TASK DETAILS.
Please write out the listing exactly, leaving each picture out.

+++ INPUT DATA +++

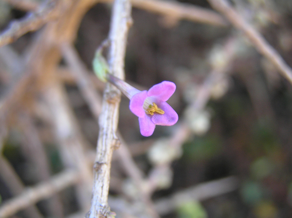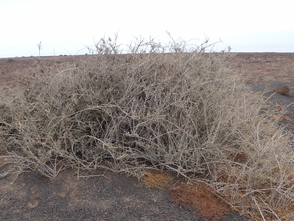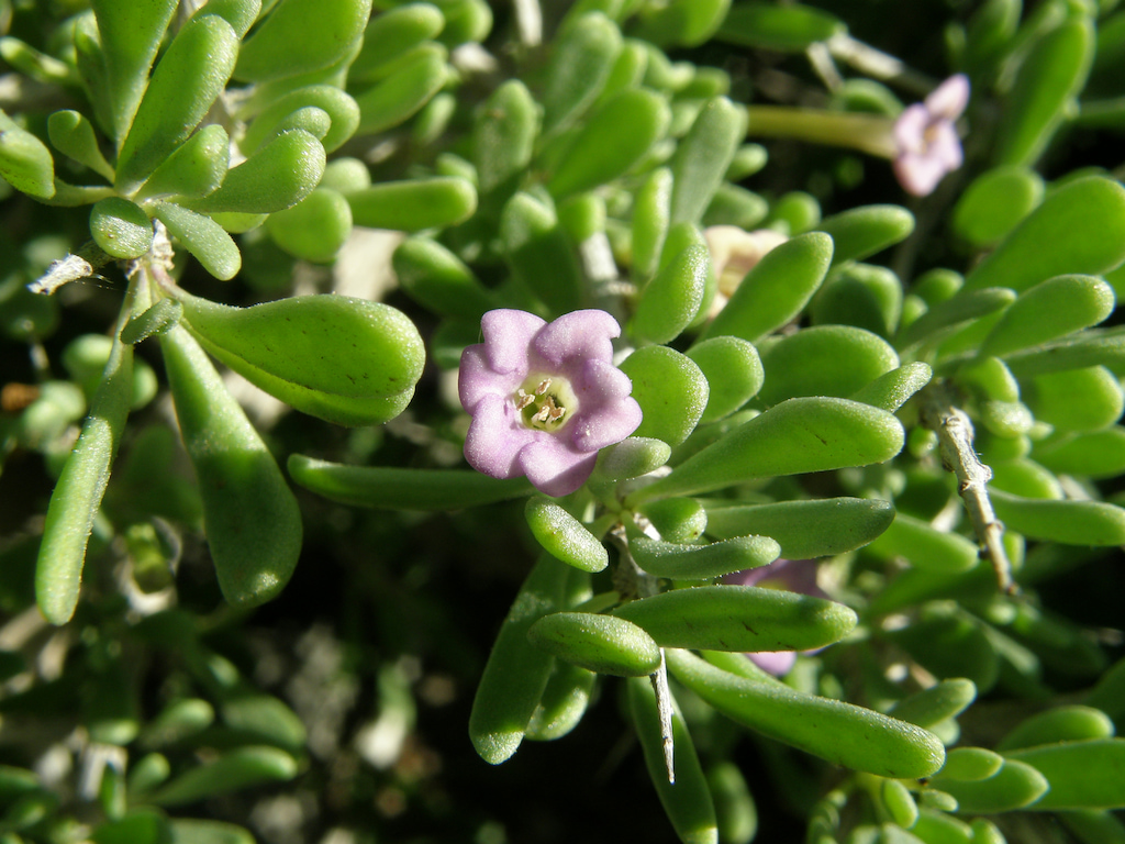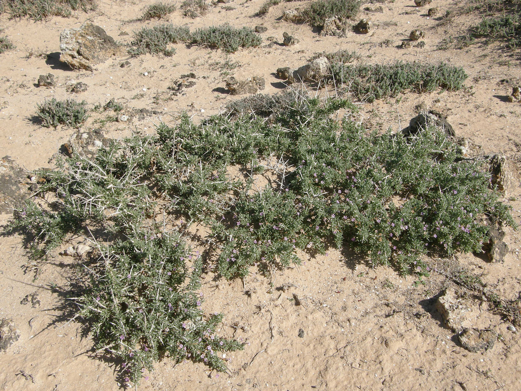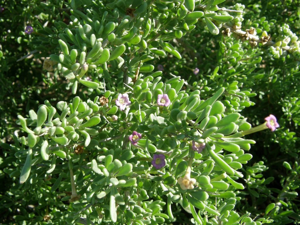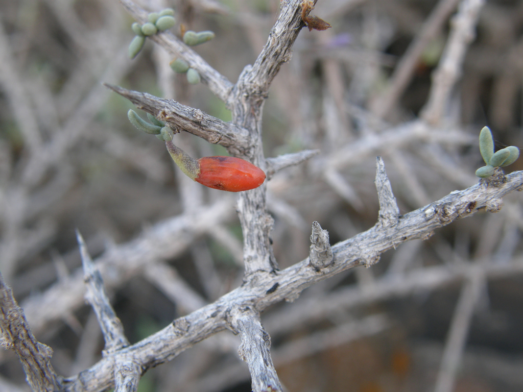 Arbusto glabro o cortamente glanduloso, al menos en las partes jóvenes. Tallos de hasta 2 m, muy ramificados; ramas muy intricadas, con fuertes espinas terminales. Hojas de 2-26 x 1-3(6) mm, alternas o en braquiblastos muy cortos formando fascículos hasta de 8, espatuladas, obovadas o elípticas, obtusas o subobtusas, glandulosas al menos cuando jóvenes, carnosas. Inflorescencia reducida a una sola flor, solitaria, axilar. Flores ligeramente zigomorfas, hermafroditas, ebracteadas, pediceladas; pedicelos de hasta 4 mm, esparcidamente glandulosos. Cáliz de 1,7-3 mm, campanulado, con 5 lóbulos más o menos iguales, a veces bilabiado en la fructificación, glanduloso; tubo de 1,5-2,5 mm, más largo que los lóbulos; lóbulos triangulares, obtusos, pubescente-glandulosos en su cara interna. Corola de 11-18 mm, infundibuliforme o hipocrateriforme, violeta, en general con 5 nervios; tubo de 9,5-13,5 mm, de 5-6 veces más largo que los lóbulos, subcilíndrico u obcónico, a veces con 5 ángulos; lóbulos de 1,5-2,5 x 1,5-2,5 mm, ligeramente distintos, dos ovados y tres más o menos suborbiculares, obtusos, ciliados. Estambres insertos en la mitad inferior del tubo de la corola, ligeramente desiguales, en general inclusos; filamentos de 4-6,5(8,5) mm, más largos que las anteras, glabros; anteras de 0,7-1 x 0,4-0,8 mm, ovoides. Estilo de 7,5-14 mm, incluso o exerto; estigma de 0,4- 0,6 mm de anchura, en general capitado. Fruto de 3-7(9) mm, más o menos esférico, rojo o anaranjado, virando a negruzco o negro-rojizo en la desecación. Semillas de 2-3 x (1,4)2-2,7 mm, reniformes o de sección ovada, elíptica o redondeada.
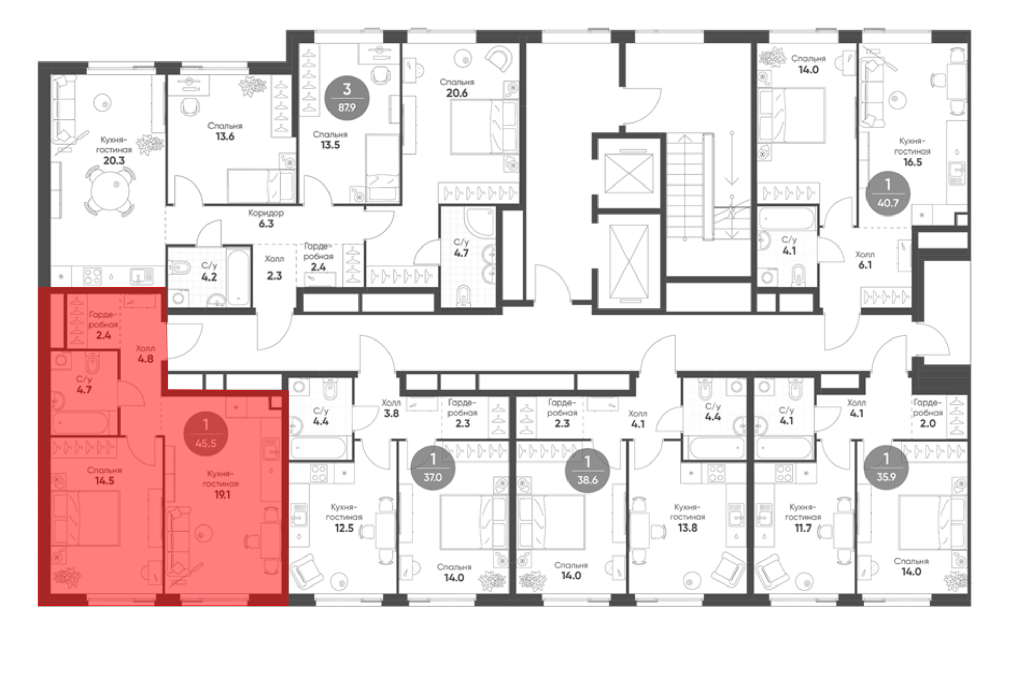 24 959 796 ₽1-к.квартира, 41 м², 7 эт.
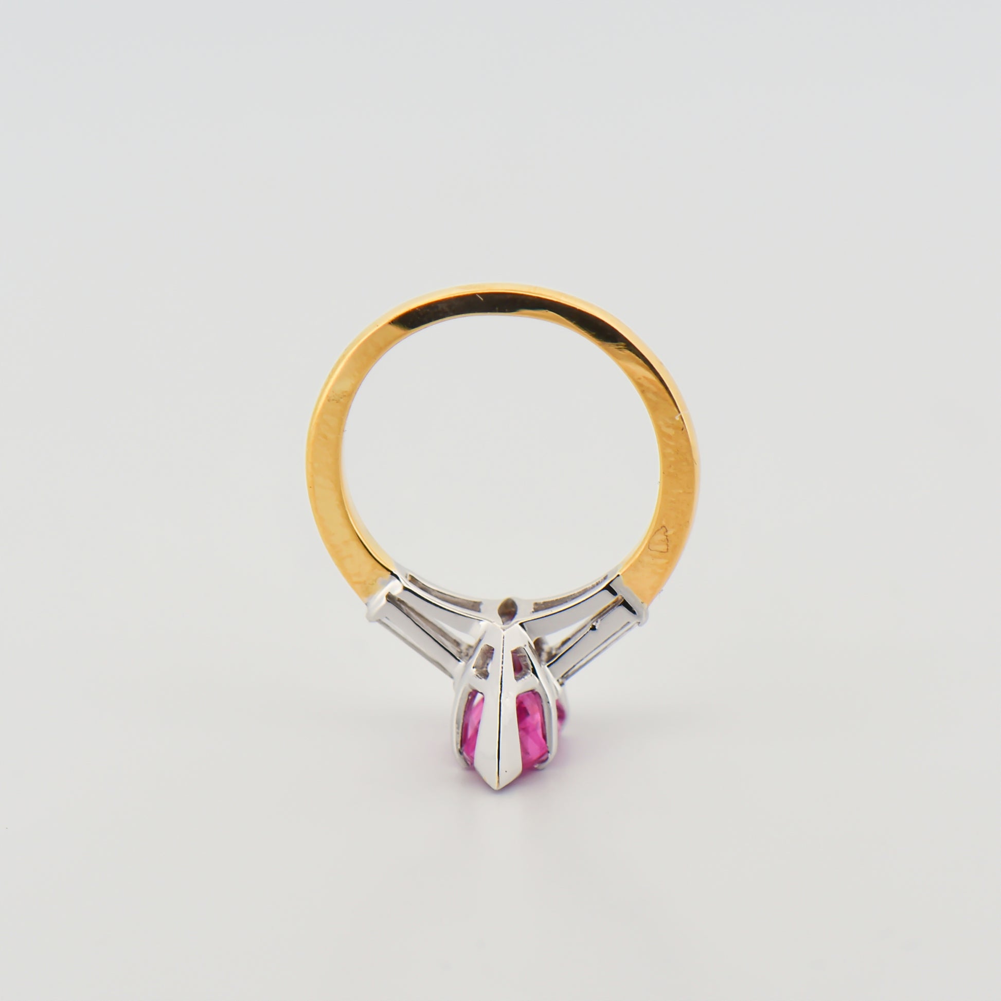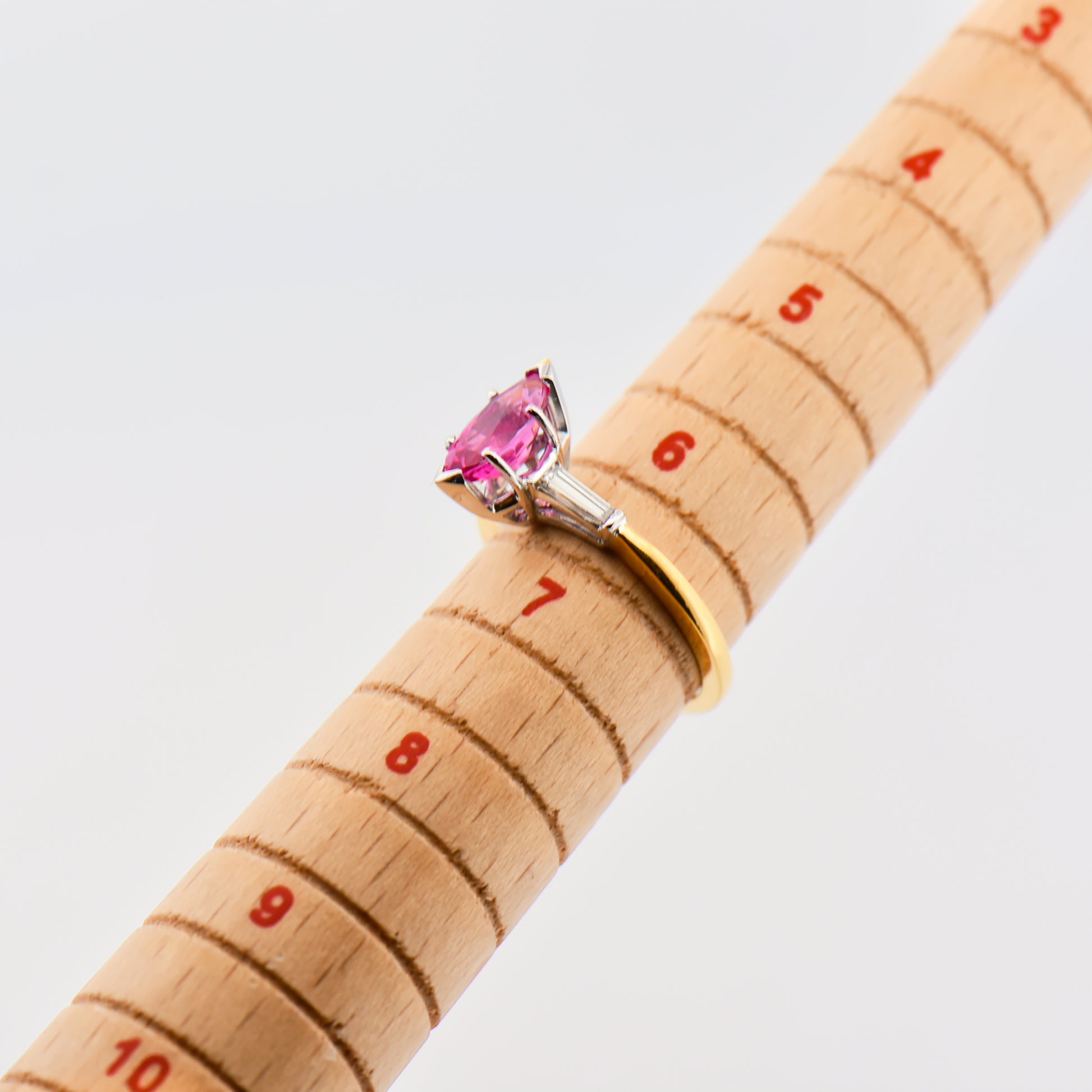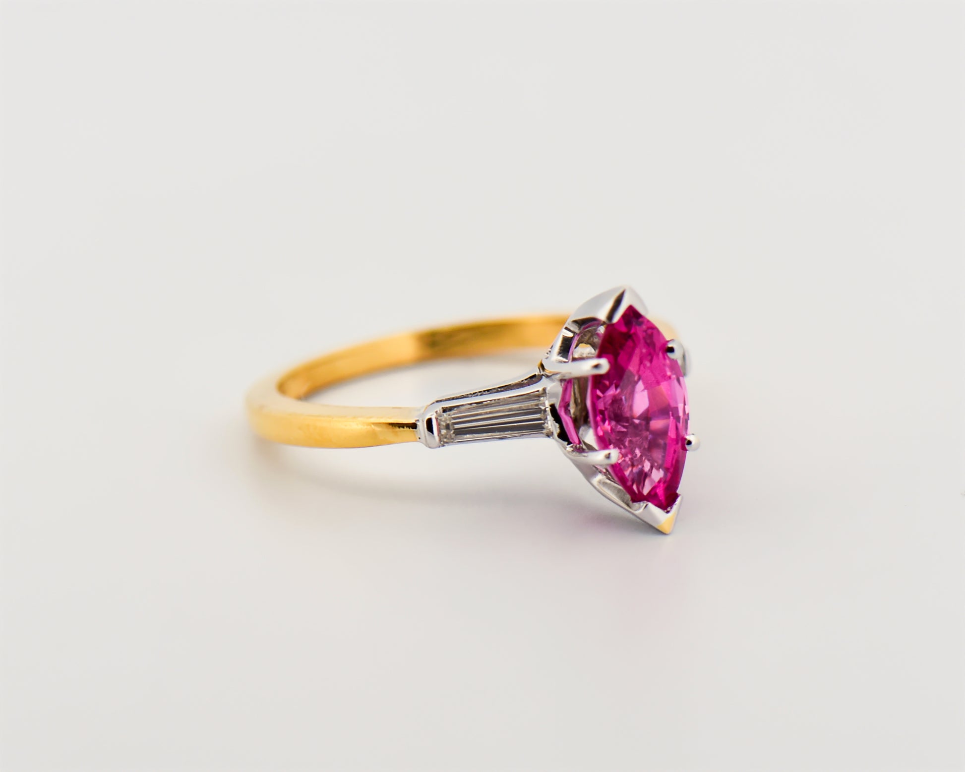 Perfectly pink and endlessly charming, this sapphire and diamond ring is sure to leave you blushing. At its heart rests a 1.20-carat marquise-cut pink sapphire, its lively hue guaranteed to catch the light—and the eye—with every movement. The elongated shape draws attention along the finger, emphasizing both elegance and presence. Accenting the sapphire are glittering baguette-cut diamonds, their brilliance providing a crisp contrast that enhances the gem's rosy vibrancy.

+++

EXERCISE SOLUTION.
 Arbusto glabro o cortamente glanduloso, al menos en las partes jóvenes. Tallos de hasta 2 m, muy ramificados; ramas muy intricadas, con fuertes espinas terminales. Hojas de 2-26 x 1-3(6) mm, alternas o en braquiblastos muy cortos formando fascículos hasta de 8, espatuladas, obovadas o elípticas, obtusas o subobtusas, glandulosas al menos cuando jóvenes, carnosas. Inflorescencia reducida a una sola flor, solitaria, axilar. Flores ligeramente zigomorfas, hermafroditas, ebracteadas, pediceladas; pedicelos de hasta 4 mm, esparcidamente glandulosos. Cáliz de 1,7-3 mm, campanulado, con 5 lóbulos más o menos iguales, a veces bilabiado en la fructificación, glanduloso; tubo de 1,5-2,5 mm, más largo que los lóbulos; lóbulos triangulares, obtusos, pubescente-glandulosos en su cara interna. Corola de 11-18 mm, infundibuliforme o hipocrateriforme, violeta, en general con 5 nervios; tubo de 9,5-13,5 mm, de 5-6 veces más largo que los lóbulos, subcilíndrico u obcónico, a veces con 5 ángulos; lóbulos de 1,5-2,5 x 1,5-2,5 mm, ligeramente distintos, dos ovados y tres más o menos suborbiculares, obtusos, ciliados. Estambres insertos en la mitad inferior del tubo de la corola, ligeramente desiguales, en general inclusos; filamentos de 4-6,5(8,5) mm, más largos que las anteras, glabros; anteras de 0,7-1 x 0,4-0,8 mm, ovoides. Estilo de 7,5-14 mm, incluso o exerto; estigma de 0,4- 0,6 mm de anchura, en general capitado. Fruto de 3-7(9) mm, más o menos esférico, rojo o anaranjado, virando a negruzco o negro-rojizo en la desecación. Semillas de 2-3 x (1,4)2-2,7 mm, reniformes o de sección ovada, elíptica o redondeada.
 24 959 796 ₽1-к.квартира, 41 м², 7 эт.
 Perfectly pink and endlessly charming, this sapphire and diamond ring is sure to leave you blushing. At its heart rests a 1.20-carat marquise-cut pink sapphire, its lively hue guaranteed to catch the light—and the eye—with every movement. The elongated shape draws attention along the finger, emphasizing both elegance and presence. Accenting the sapphire are glittering baguette-cut diamonds, their brilliance providing a crisp contrast that enhances the gem's rosy vibrancy.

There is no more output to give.